By Claire Barnett '27
Published November 2, 2023
Categories: About Eckerd, Student Life, Students

Over 200 runners and walkers participated in the first Stride for Mental Health. Photos by Ryan McCormick ’27

Eckerd College Counseling Services and Athletics staff were delighted Saturday, Oct. 21, when more than 200 walkers and runners came out to support the campus’s first Tritons Together: Stride for Mental Health 5K run/walk to celebrate October Mental Health Awareness Month.

The community is known for being close-knit and supportive, and this event validated that reputation. Even though only 125 people had preregistered for the race, many more students, faculty, staff and friends showed up to take advantage of the multiple activities.

When asked whether they came for information on mental health or to enjoy the run, Lexi Lariviere, a junior film studies student from Madison, Connecticut, and first-year marine science student Sara Hopkins, from Hopatcong, New Jersey, responded enthusiastically about both—sharing their love for running and wanting to end the stigma surrounding mental health challenges.

Eckerd staff joined the participants in their excitement, with over 24 departments and organizations jumping at the opportunities to collaborate with event co-sponsors—Athletics and Eckerd’s Counseling Services. Kate Daigle, Eckerd’s executive director of counseling, health and advocacy services, says, “The goal was to get everyone involved in spreading mental health awareness and connect different departments to activities and booths that represent what mental health looks like within their arena.”

Various booths showed the links between a person’s well-being and what Counseling Services does. Daigle and her team wanted to promote positive and active coping skills through the different activities offered on campus, showing students the outlets available to release pent-up emotions.

The race was organized because research suggests that exercising and staying active can affect mental health in the best ways possible. “When we engage in physical activity,” Daigle explains, “it can be a crucial coping skill with multiple mental health disorders … Our body stores the emotions of those [disorders], and we need outlets.”

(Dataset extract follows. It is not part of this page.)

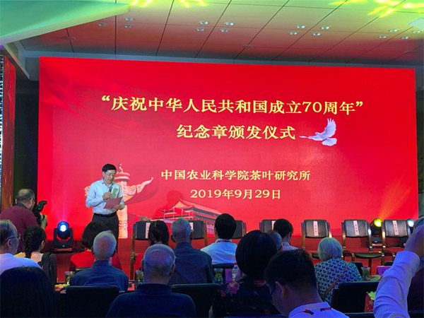 9月29日下午,我所隆重舉行“慶祝中華人民共和國成立70周年”紀念章頒發(fā)儀式,會議由副所長魯成銀主持。所黨委書記姜仁華同志,中國國際茶文化研究會常務(wù)副會長、杭州市人民政府原市長孫忠煥先生頒發(fā)紀念章,并向紀念章獲得者表示熱烈祝賀和崇高敬意。所領(lǐng)導(dǎo),特邀嘉賓及全所職工、離退休老同志近300人參加頒發(fā)儀式。

Running, along with other physical activities, has many positive benefits for mental health. Some students at Eckerd have already figured this out. First-year student from St. Petersburg, Florida, Mars Raiford says, “I use walking for my mental health … I feel like exercising gets your body thinking of something else that isn’t negative and gives you those hormones that make you happy.”

When asked about future events, Daigle says, “As far as the run, there was a lot of interest in if it will be an annual event, and the hope is that it will be annual, so I say, Stay tuned! We are very appreciative and grateful for everyone who turned out.”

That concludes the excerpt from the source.